For slender structures there is a risk that buckling may occur when loaded with compression. This sheet gives an overview of how to interpret buckling and how to identify the potential risks. See Beam theory: Buckling to calculate buckling loads.

What is buckling?

Buckling is often seen as a failure mode of the material in which at a certain threshold force suddenly large deformations are induced (e.g., when a soda can is compressed and collapses). A more accurate definition is that buckling is an instability in a structure, which is the result of the buckling shape having a lower potential energy. In the case of a beam loaded in compression with a force equal to the buckling force (see figure below), the structure can switch easily from the grey shape to the blue shape because the potential energy of the blue shape is lower.
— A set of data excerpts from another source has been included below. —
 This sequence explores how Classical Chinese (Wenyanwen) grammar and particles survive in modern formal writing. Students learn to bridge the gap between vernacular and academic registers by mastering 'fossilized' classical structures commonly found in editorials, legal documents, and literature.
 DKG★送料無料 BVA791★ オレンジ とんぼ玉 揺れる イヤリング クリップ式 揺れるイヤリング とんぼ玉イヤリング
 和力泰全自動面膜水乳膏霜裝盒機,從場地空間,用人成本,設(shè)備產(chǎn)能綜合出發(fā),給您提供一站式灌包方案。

This does not mean that the blue shape will fail (see section failure modes).

Instability in detail

As an example, to show the instability in a system, we consider the flexures from a parallel guiding mechanism. Due to the different boundary conditions to the previous example, the buckling shape will look like an S-curve.

This curve is approached by simplifying the flexure to three straight beams (which have axial stiffness) connected by two torsion springs:

We can calculate the potential energy of both shapes using the following equations:

$P_{straight}=P_{compression}$

$P_{buckled}=P_{compression}+P_{rotation}$

$P_{compression}=\frac{1}{2}C_{eq}s^2$ where $C_{eq}$ indicates the equivalent stiffness of $C_1$ and $C_2$ for either the straight or buckled shape.
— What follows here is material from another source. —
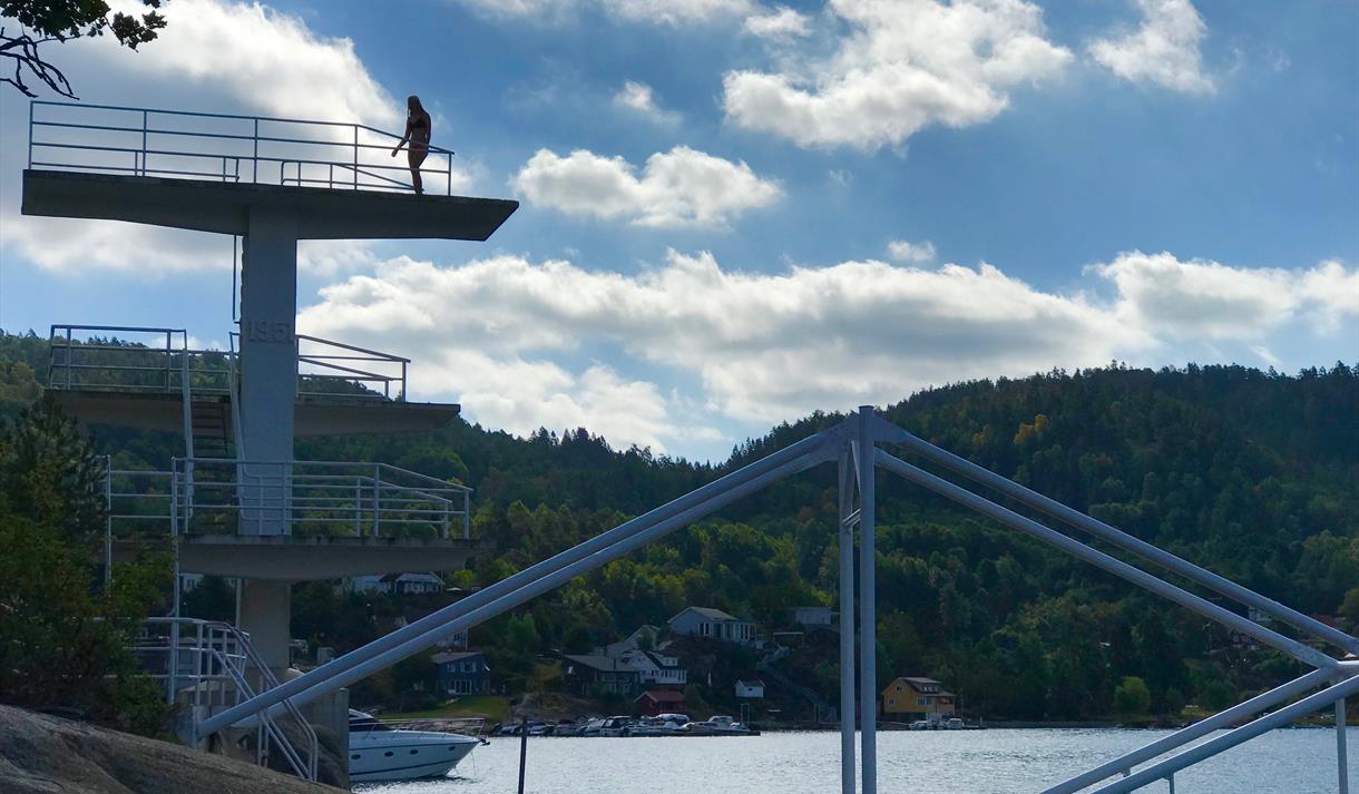 Welcome to the idyllic Olavsberget swimming area (Badeplass), a popular destination located by Olavsberget Camping and the beautiful Eidanger Fjord in Porsgrunn. This is the perfect sandy beach in Telemark for a day with family and friends, whether you prefer playing in the sand, diving from the tower, or sunbathing on the coastal rocks (svaberg).

$P_{rotation}=\frac{1}{2}\left(K+K\right)\alpha^2$

The potential energy as function of the displacement $s$ for the straight shape and for 3 variants of the buckled shape (different values of $\alpha$) is shown in the graph below. It can be seen that at $s=0$ all 3 variants of the buckled shape have higher potential energy than the straight shape. This is mainly due to the energy stored in the torsion springs ($P_{rotation}>0$). When we look at higher values of $s$, the buckled shape curves will eventually cross the curve of the straight shape and will end up with lower potential energy. $P_{rotation}$ will be constant for higher values of $s$ while $P_{compression}$ will increase, apparently faster for the straight shape than for the buckled shape. This is a result of the lower compression stiffness $C_{eq}$ of the buckled shape.

To summarize, we can see that the buckled shapes initially have higher potential energy than the straight shape, but at higher displacement eventually have lower potential energy. This explains why buckling occurs at a certain threshold displacement or force.

Failure modes

We now know that buckling is an instability in the mechanism that can have large deformations as a result. These large deformations can result in material failure due to high stresses, but this is not always the case. Often the function of a mechanism can no longer be fulfilled when buckling occurs, which is a different failure mode.
For example, see again the parallel guiding with end stops discussed before: At a certain load the parallel guiding cannot support the load and the flexures will buckle, moving the top block against one of the end stops. The failure mode here is that the function of the mechanism, which is supporting a load in its nominal position, can no longer be fulfilled. However, if the end stop is close enough to the nominal position of the top block, it will stop the material from failing. Consequently, the mechanism returns to its original state when the load is removed.